Yendo de un hospital a otro, Nicola llegó incluso a desear que Dios se llevara a esa criatura. Sufría por ella y por sí mismo, temía no ser capaz de cuidarla el resto de su vida. La discapacidad de la hija le paralizaba también a él.

Mientras, falleció la madre de Giulia: otro duro golpe, que llevó a la pareja, ya sometida a una dura prueba, a alejarse cada vez más entre los dos.

El amor mutuo, que había sido exuberante, se marchitó, abrumado por pesos demasiado grandes.

“¿Quien, pudiendo elegir, no querría un hijo sano y perfecto?”.
Quizá entonces, Nicola hubiera contestado que sí, sin pensarlo dos veces. Y quizá, en un ataque de sinceridad, añadiría que no quería a la niña.

Tenían fe, pero demasiado frágil, todavía inmadura, que no les permitía renegar de sí mismos y aceptar que sea Otro quien tome y transforme las cruces que viven. Al contrario, Nicola estaba resentido con Dios, se sentía traicionado, y con tentaciones de abandonarlo.

“La noche se vuelve más oscura justo antes de que empiece a
amanecer” (Papa Francisco)

En esta situación desesperada nacieron las raíces de un proyecto de amor grande, que Giulia y Nicola no imaginaban ni siquiera lejanamente.

Un sacerdote amigo de los Gabella les aconsejó ir a Asís, para hablar con una familia “especial”, la de Lorenzo y Marusca, dos cónyuges que habían adoptado un niño con síndrome de Down. Su testimonio fue un faro determinante en la vida de Nicola y Giulia.

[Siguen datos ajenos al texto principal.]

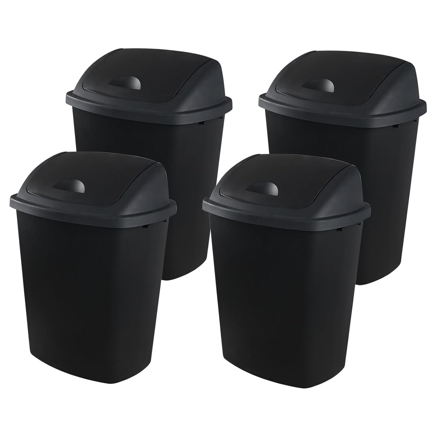 18 Gallon Plastic Garbage Bin with Swing Lid, Set of 4 Large Trash Can, Black

De ellos aprendieron que conviene librarse de algunos ídolos, para poder amar al otro de verdad. Un padre, sobre todo, debe dejar de ver al hijo como una prolongación de sí mismo, como el portador de todas sus expectativas. Descubrieron que un hijo discapacitado es capaz de revelar los amores falsos, porque el amor verdadero da, sin pretensiones, incluso cuando el otro no puede devolver.

Se aprende la humildad de pedir ayuda -a Dios y al prójimo-, y se descubre que compartir las dificultades es liberador para ellos, y enriquece a la comunidad.

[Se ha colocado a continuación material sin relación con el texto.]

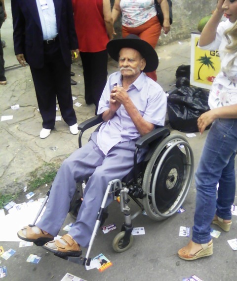 O aposentado José Rocha, de 93 anos de idade, diz que faz questão de votar, apesar de não ter a obrigatoriedade do voto, facultativo às pessoas com mais de 70 anos de idade. Morador da região do Veneta, ele veio acompanhado da filha para exercer o direito do sufrágio, na Escola Estadual Alfredo Sá. Cadeirante, José Rocha encontrou dificuldades para chegar à sua urna, situada no primeiro andar da escola. “Ainda bem que temos quem nos ajuda”, contou a sua filha. O aposentado foi levado nas costas por um amigo da família, que subiu um lance de escadas para que José chegasse até o seu local de votação.
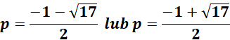 Podstaw wartości do wzoru na pole, następnie za pomocą znanych Ci wzorów wylicz wartość p.

Se aprende a poner a la pareja en el centro, porque es en el amor conyugal donde tiene su origen el amor a los hijos, no al revés. El proyecto tiene siempre que ver con los esposos: los hijos son consecuencia de su vínculo, no la causa.

Se aprende que no hay que perder el tiempo en perseguir “una vida ideal”, distinta de la que se tiene, porque la felicidad verdadera nace cuando se ama en concreto, exactamente en el lugar y en la condición en que se encuentra.

Es dando como se recibe

Nicola y Giulia resurgieron de los escombros y, en 2003, llegó otra hermanita para Samuel y Sara: Anna, una niña muy alegre.

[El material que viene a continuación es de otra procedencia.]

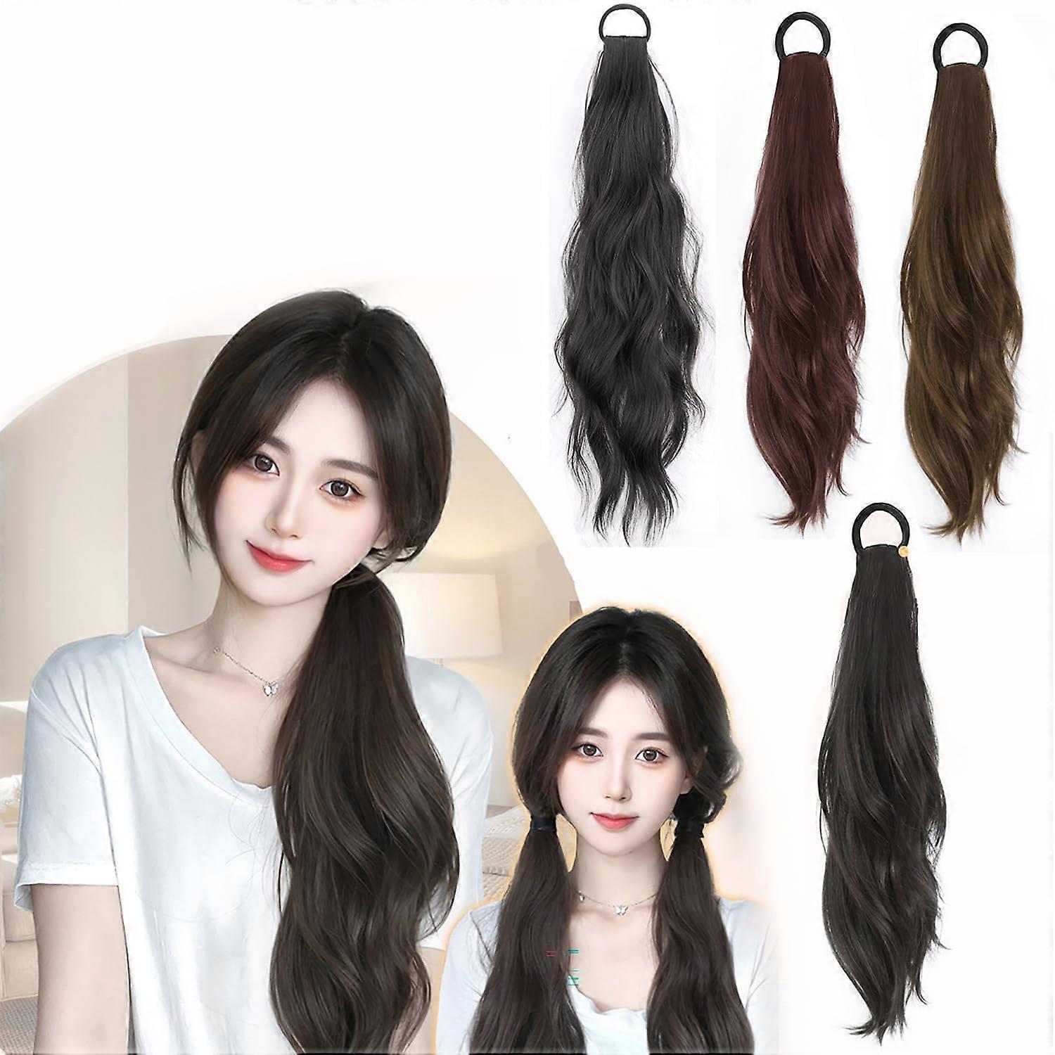 Ponytail Hair Extensions Clip In Dark Brown Wavy Heat Resistant Synthetic 2pcs Dual Set

El compromiso de los Gabella es notable: tienen tres hijos, un trabajo, deben ocuparse de Sara y sus necesidades especiales (la niña pasa mucho tiempo entre logopedas y fisioterapeutas), no falta el cansancio y, a veces, ni siquiera el desaliento, pero se sienten rodeados por mucho cariño. Además, han entendido que, para ser felices, incluso en los momentos de dolor, es preciso dar, sin esperar nada a cambio, y generar continuamente “comunidad”.

Están tan convencidos que abren las puertas de su casa a quienes necesitan ser escuchados y piden oraciones; se comprometen en la práctica de la acogida, reciben a niños, a jóvenes, a ancianos, con situaciones familiares difíciles (como el hijo de una madre soltera, una prostituta protegida por una asociación, una señora anciana con problemas de lucidez y sin familia…).

“¿Por qué vosotros? ¿No tenéis suficientes problemas?”, podría preguntarse alguien. Nicola, asistente social de profesión, contestaría: “el bien que hemos recibido es demasiado grande para guardárnoslo para nosotros”.

Hoy Sara tiene 19 años. Los médicos predijeron que nunca caminaría ni hablaría. Pero fue tal la atención que le dedicaron sus padres, y tantos los estímulos que recibió, que Sara se expresa hoy por sí sola, aunque con cierta dificultad, y camina con sus piernas. Ha concluido la ESO, trabaja, sale con amigas, tiene una tarjeta de débito. Pero eso no es todo, porque Sara tiene algo de lo que carecen tantos chicos: una gran alegría de vivir, y muchas ganas de hacer cosas. Yo he tenido el honor de conocerla, y puedo atestiguar que, en su presencia, son los demás los que se sienten discapacitados.